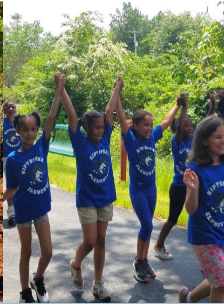
Photos left to right: Historic railroad, CBES Between the Waters Bike Tour, Kiptopeke Elementary School at the Southern Tip Hike & Bike Trail ribbon cutting. Front: CBES Between the Waters Bike Tour
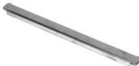
Adapter Bar (12.75" x 1") TB000012
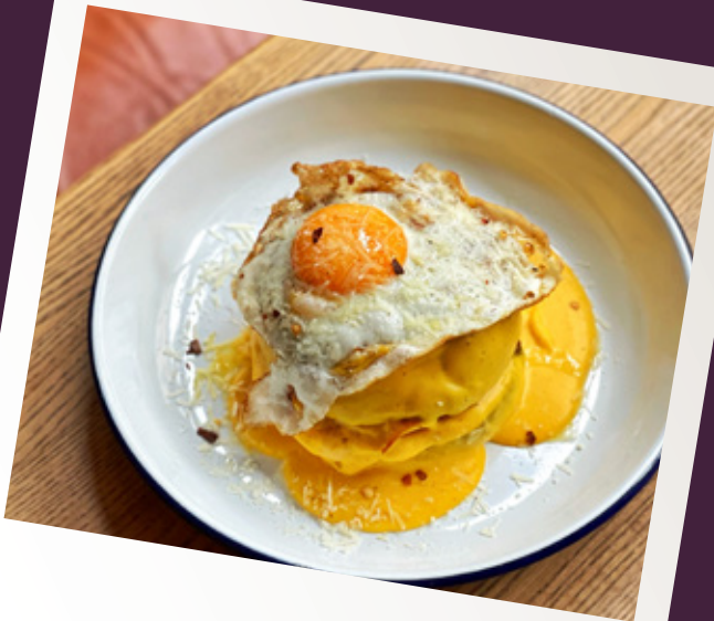
CROQUE MADAME 2.0 36
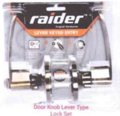
Door Knob Lever Type Lock Set
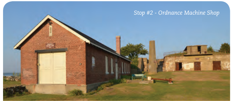
Stop #2 - Ordnance Machine Shop

11.→ During World War II in the field surrounding the flag pole (refurbished in 2008) were fourteen additional structures including quartermaster supplies, battery offices, barracks, mess halls, coal shed, first mine command offices, a fire station and a sentry booth. All the buildings were under camouflage netting supported by telephone poles to hide the buildings from potential enemy aircraft. At very low tide, you might see the remains of the Jerry's Point Lifesaving Station pier on the left. Following World War II, the Navy used Fort Stark and its Army installations for reserve training until the property was deeded to the State of New Hampshire.

§ **Problem statement**:
Output the data exactly. Pictures don't belong in the result.

§ **Output for this task**:
Photos left to right: Historic railroad, CBES Between the Waters Bike Tour, Kiptopeke Elementary School at the Southern Tip Hike & Bike Trail ribbon cutting. Front: CBES Between the Waters Bike Tour
Adapter Bar (12.75" x 1") TB000012
CROQUE MADAME 2.0 36
Door Knob Lever Type Lock Set
Stop #2 - Ordnance Machine Shop

11.→ During World War II in the field surrounding the flag pole (refurbished in 2008) were fourteen additional structures including quartermaster supplies, battery offices, barracks, mess halls, coal shed, first mine command offices, a fire station and a sentry booth. All the buildings were under camouflage netting supported by telephone poles to hide the buildings from potential enemy aircraft. At very low tide, you might see the remains of the Jerry's Point Lifesaving Station pier on the left. Following World War II, the Navy used Fort Stark and its Army installations for reserve training until the property was deeded to the State of New Hampshire.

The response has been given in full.